A washing soda and baking soda soak that keeps cloth diapers clean, soft, and odor-free

1 hr 30 min beginner Yields 1 diaper load (18-24 diapers)

Ingredients

  • 2 tbsp Washing soda
  • 1 tbsp Baking soda
  • 1 tbsp Unscented liquid castile soap (optional, for heavy soiling)

Steps

  1. Pre-rinse cycle: Run soiled diapers through a cold rinse cycle with no detergent to flush out waste.
  2. Main wash: Add 2 tablespoons of washing soda and 1 tablespoon of baking soda to the detergent dispenser.

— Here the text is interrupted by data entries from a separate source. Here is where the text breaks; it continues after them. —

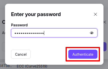 - Enter your current account password (and 2FA, if enabled), then click Authenticate
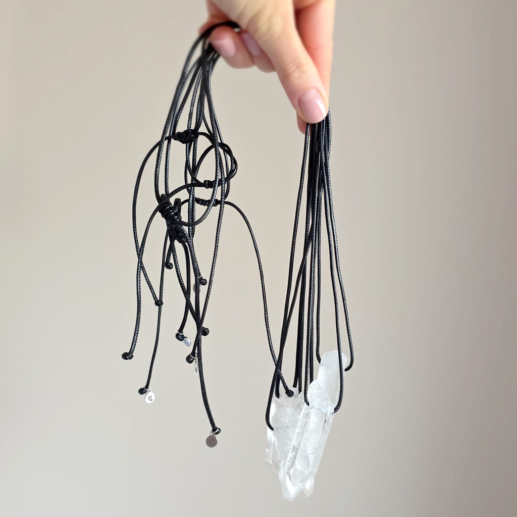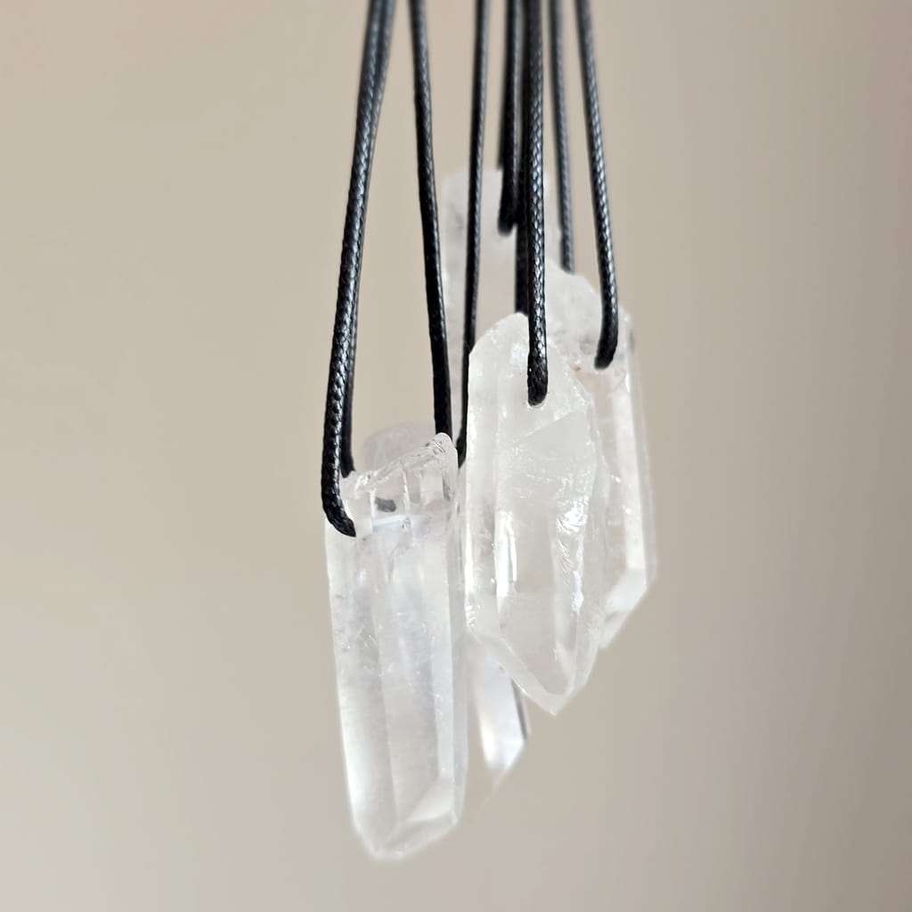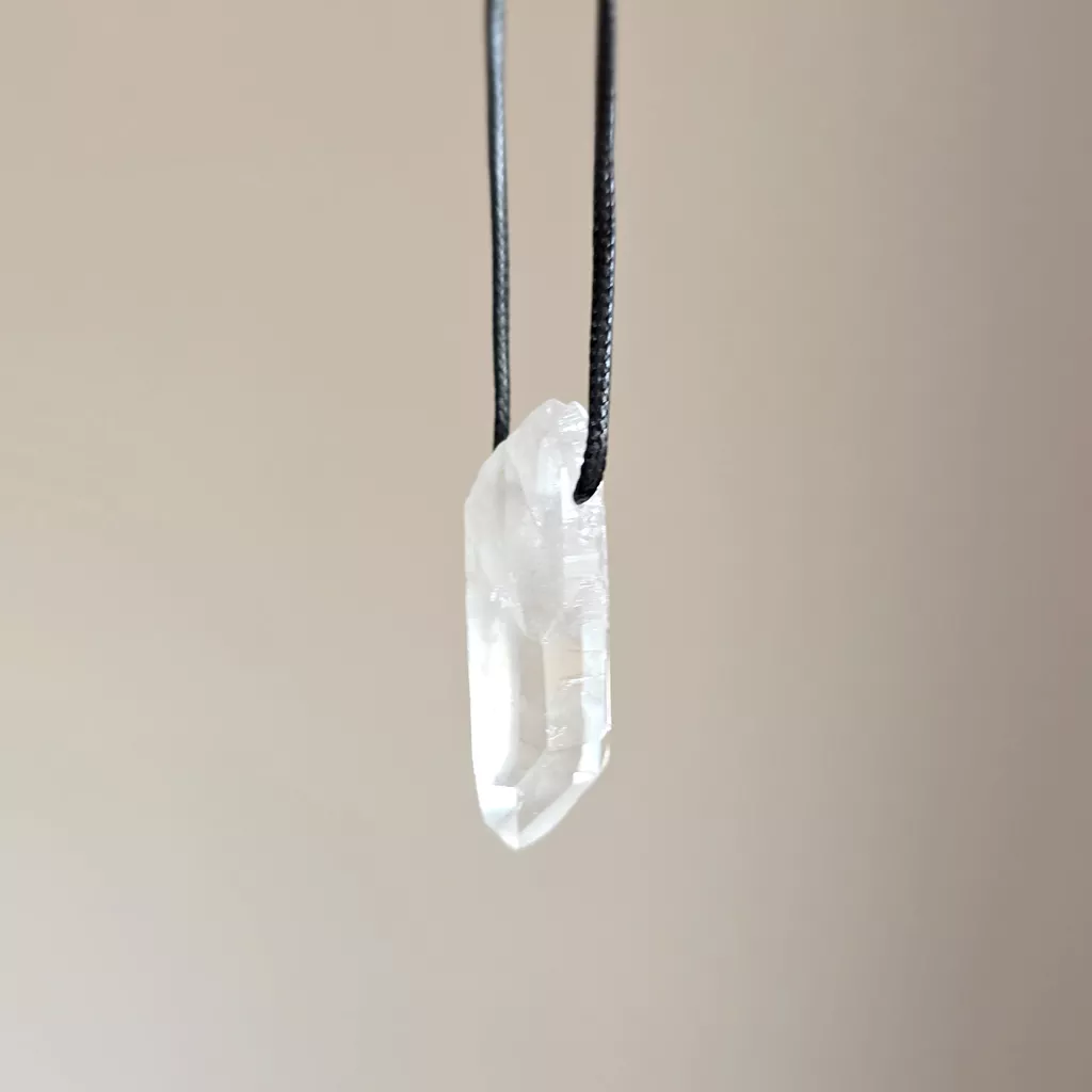 Naszyjnik kryształ górski surowy sopel na czarnym sznurku unikat v.4
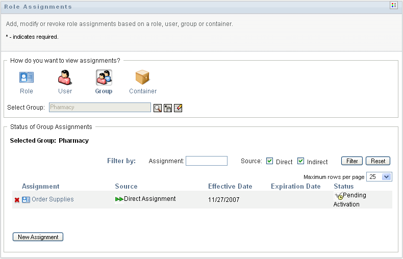 3. To view only those assignments that were assigned indirectly, select the Indirect box. Indirect assignments are those assignments that a group receives through a role relationship.
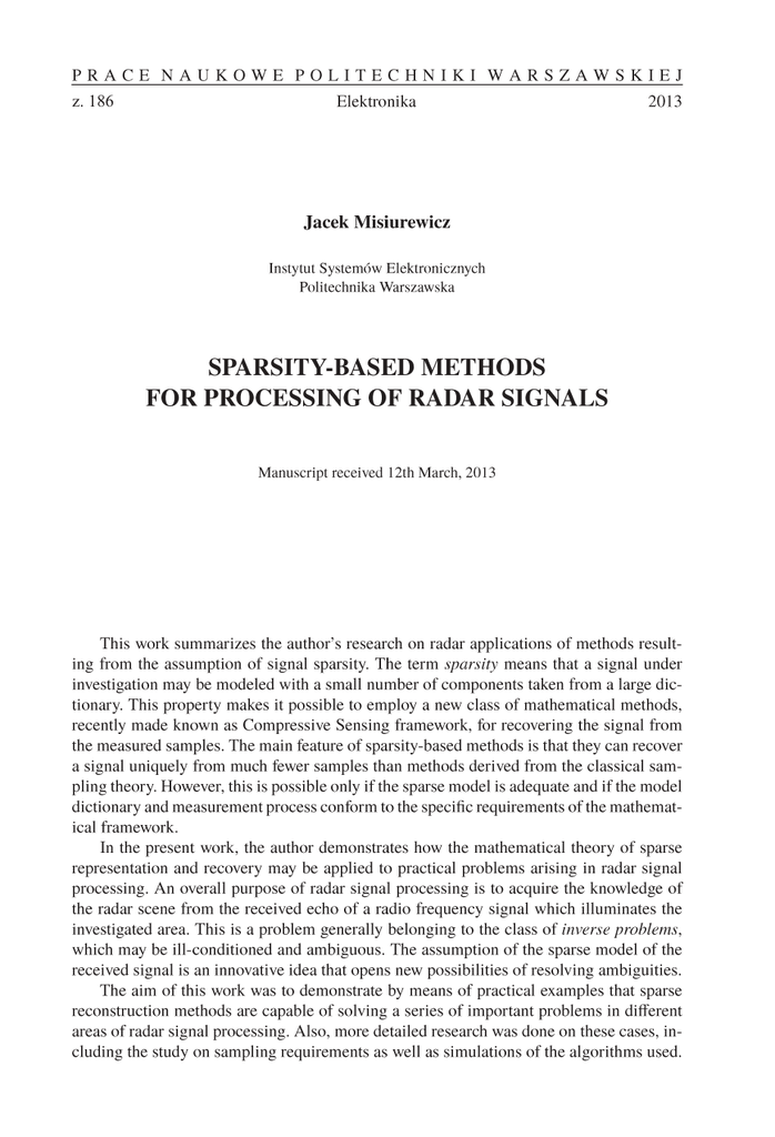 z. 186 6 The ideas and methods were verified with the use of live recorded signals wherever possible. In the examples presented in this work, sparsity of the signal model is the key assumption to enable the solution of relevant inverse problems. The application areas described here are closely related to the author’s experience with existing radar systems, including those currently under research or development at the Warsaw University of Technology. They cover a wide range of radar types and processing modes, including active and passive radars as well as surveillance and imaging ones. The author proposed applications of sparsity-based methods for active radars with a noise waveform, for classical MTI radars, and for imaging radars, using either the synthetic aperture (SAR) technique with noise illumination, or the inverse synthetic aperture (ISAR) technique with passive illumination from a GSM transmitter. Streszczenie ZASTOSOWANIA METOD OPARTYCH NA RZADKIEJ REPREZENTACJI SYGNAŁU DO PRZETWARZANIA SYGNAŁÓW RADIOLOKACYJNYCH Praca podsumowuje badania autora na temat radiolokacyjnego zastosowania nowatorskich metod wynikających z założenia o rzadkim modelu sygnału. Pojęcie to oznacza, że dany sygnał może być modelowany jako liniowa kombinacja niewielkiej liczby składowych należących do pewnego, z założenia pojemnego, słownika. Przyjęcie tego założenia otwiera możliwość zastosowania nowej klasy metod matematycznych, znanych od niedawna pod wspólna nazwą “Compressive Sensing” (po polsku ostatnio używa się określenia “oszczędne próbkowanie”), do odtworzenia sygnału ze zmierzonych próbek. Najważniejszą cechą tych metod jest możliwość odtworzenia sygnału ze znacznie mniejszej liczby próbek niż wynikałoby to z założeń metod klasycznych (opartych na twierdzeniu o próbkowaniu). Należy jednak podkreślić, że jest to możliwe tylko pod warunkiem adekwatności modelu rzadkiego oraz spełnienia pewnych wymagań przez słownik oraz przez proces pomiaru, zgodnie z teorią matematyczną oszczędnego próbkowania. W przedstawionej pracy autor pokazuje, w jaki sposób rzadki model sygnału i matematyczna teoria oszczędnego próbkowania mogą być użyte w zagadnieniach praktycznie występujących w radiolokacji. Ogólnym celem przetwarzania sygnałów radiolokacyjnych jest uzyskanie wiedzy o oświetlanej scenie poprzez badanie sygnału radiowego od tej sceny odbitego. Jest to problem z dziedziny zagadnień odwrotnych (inverse problems), i jako taki może być źle uwarunkowany i nie mieć jednoznacznego rozwiązania. Ograniczenie swobody szukanego rozwiązania poprzez przyjęcie rzadkiego modelu otwiera nowe możliwości usunięcia niejednoznaczności wyniku. Autor zaproponował w pracy wykorzystanie metod opartych na rzadkiej reprezentacji sygnału do modelowania silnych ech w celu usunięcia ich wpływu na proces detekcji ech słabych, zwanego efektem maskowania. Ma to zastosowanie w aktywnych radarach z oświetleniem szumowym i w radarach pasywnych. Autor badał kilka algorytmów w aspekcie modelowania ech złożonych, wskazał przyczyny niepowodzenia algorytmu kolejnego usuwania składowych i zaproponował w zamian algorytm modelowania łącznego ograniczonej liczby składowych. Kolejne zaproponowane przez autora rozwiązanie przeznaczone jest dla szumowego radaru z syntetyczną aperturą (SAR). Pozwala ono zmniejszyć znacznie liczbę pobieranych próbek w wymiarze przestrzennym a zatem i łączny czas akwizycji sygnału. Zastosowanie rzadkiego modelu sygnału pozwoliło rozwikłać niejednoznaczność odtworzenia obrazu sceny radarowej powstałą wskutek zmniejszenia częstości próbkowania poniżej granicy Nyquista. Rozwiązanie zostało przebadane w symulacjach i w eksperymentach z wykorzystaniem zarejestrowanych rzeczywistych sygnałów. W zastosowaniu do klasycznych radarów MTI, autor zaproponował zastosowanie rzadkiego modelu sygnału w dziedzinie częstotliwości w celu zwiększenia zdolności pomiaru prędkości kilku obiektów znajdujących się w tej samej odległości od radaru. 134 Streszczenie Następne zaproponowane przez autora rozwiązanie dotyczy estymacji wysokości w radarze pasywnym. Na przykładzie radaru pasywnego pracującego z wykorzystaniem nadajnika telewizji cyfrowej DVB-T autor pokazał, że metody oszczędnego próbkowania pozwalają na rozdzielenie ech obiektu propagujących z i bez odbicia od ziemi. Dysponując pomiarami opóźnienia ech wzdłuż różnych dróg propagacji można określić wysokość obiektu. Jest to istotna innowacja wobec faktu, że określenie wysokości poprzez pomiar kąta przyjścia sygnału jest bardzo trudne przy typowych rozmiarach anten dla pasma telewizji cyfrowej. Przy pracy radaru pasywnego z wykorzystaniem niewielkiej liczby nadajników uzyskanie niezależnego pomiaru wysokości obiektu znacząco poprawia jakość lokalizacji obiektu w przestrzeni trójwymiarowej. Rozpatrując zagadnienie obrazowania obiektów ruchomych w radarze pasywnym wykorzystującym nadajnik GSM, autor zaproponował metodę uzyskiwania wyraźnego obrazu w technice ISAR (odwrotnej syntetycznej apertury), korzystając z faktu, że ruchomy obiekt przy obrazowaniu ISAR może być uważany za zbiór niewielu punktów odbijających, poruszających się w jednolity sposób. Zastosowanie tej metody pozwoliło z rzeczywistych, zarejestrowanych sygnałów uzyskać obraz ISAR jadącego pojazdu. Klasyczne metody oparte na filtracji dopasowanej w tej samej sytuacji zawiodły, gdyż cały obserwowany obiekt był mniejszy niż rozmiar komórki rozdzielczości odległościowej, który wynika z szerokości pasma sygnału. W opisanych przez autora przykładach zastosowań rzadkość modelu jest kluczowym założeniem przy rozwiązywaniu postawionych zagadnień odwrotnych. Przykłady dotyczą obszarów zastosowań ściśle związanych z długoletnim doświadczeniem autora w projektowaniu i konstruowaniu urządzeń radarowy

Set the machine to a hot wash (120-140°F) on the longest available cycle.
  3. For heavily soiled loads, add 1 tablespoon of unscented liquid castile soap directly to the drum.
  4. Extra rinse: Run one additional rinse cycle with no additives to ensure all detergent residue is removed.
  5. Dry: Tumble dry on medium heat or line-dry in direct sunlight. Sunlight naturally bleaches stains and kills bacteria.

Why It Works

Washing soda (sodium carbonate) is a powerful water softener and alkaline cleaner that breaks down urine salts and fecal residue without leaving behind the synthetic brighteners, enzymes, or fragrances found in commercial diaper detergents. Baking soda neutralizes acidic odors. The hot wash temperature kills bacteria while the extra rinse ensures no residue remains against baby’s skin. This simple combination is what most cloth diaper manufacturers actually recommend under the marketing of their own branded detergents.

The Cost Comparison

Specialty cloth diaper detergents cost $15-20 per bag and last around 30 loads ($0.50-0.65 per load). A box of washing soda costs $4-5 and lasts roughly 50 loads. A box of baking soda costs $1-2 and lasts even longer. Total cost per load: about $0.08-0.12. Over a year of washing every other day, this saves $75-100 on detergent alone — on top of the much larger savings of cloth diapers over disposables.

Tips

  • Do not use fabric softener or dryer sheets with cloth diapers — they coat fibers and destroy absorbency.
  • Do not add vinegar to the wash cycle. While vinegar is excellent for general laundry, the acidity can degrade the elastic and PUL in cloth diapers over time.
  • If diapers develop a persistent ammonia smell, do a “strip wash”: soak overnight in the bathtub with 3 tablespoons of washing soda in hot water, then run through a regular wash cycle.
  • Wash every 2-3 days maximum. Letting soiled diapers sit longer allows bacteria to set into the fibers and causes staining.
  • Sunlight is your best stain remover. Even a few hours of sun-drying eliminates stains that survived the wash.